Entre os beneficiados estariam instituições como o Instituto Liberal, no Brasil, e a Fundación República para una Nueva Generación, na Argentina. Essas entidades lideraram seminários e publicações estratégicas às vésperas da COP4, realizada em Buenos Aires em 1998. Um dos nomes convidados foi Patrick Michaels, conhecido por suas posições negacionistas, que chegou a chamar o aquecimento global de “histeria”.
Um dos materiais traduzidos pela Atlas Network foi o livreto “O Caso Científico Contra o Tratado Climático Global”, de Fred Singer, que negava a existência de evidências científicas consistentes sobre os impactos do aquecimento.

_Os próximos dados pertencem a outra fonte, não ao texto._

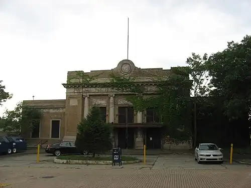 The building was completed in 1916 when the railroad embankment through town was elevated above street level to eliminate hazardous grade crossings.[4] The two previous stations had been located three blocks southeast along Wood Street between Franklin and Rebecca Avenues.[5]: 80

De acordo com a investigação, a Exxon buscava construir uma rede global de aliados capazes de influenciar políticas públicas e retardar medidas de regulação ambiental, estratégia que já era adotada nos EUA com apoio a instituições, como a Heritage Foundation, associadas ao negacionismo climático.
A Atlas Network declarou que os documentos foram escritos por ex-colaboradores há mais de 25 anos e que a Exxon não contribui financeiramente com a rede há quase duas décadas. A petroleira não se manifestou sobre o caso.
O episódio evidencia o papel de diversas grandes corporações no atraso da ação climática, cujos efeitos são sentidos hoje, com o aumento contínuo das emissões e a aproximação de pontos de não retorno, como a destruição irreversível de recifes de corais. A denúncia surge em um momento simbólico, em que o Brasil se prepara para sediar a COP30, em Belém (PA).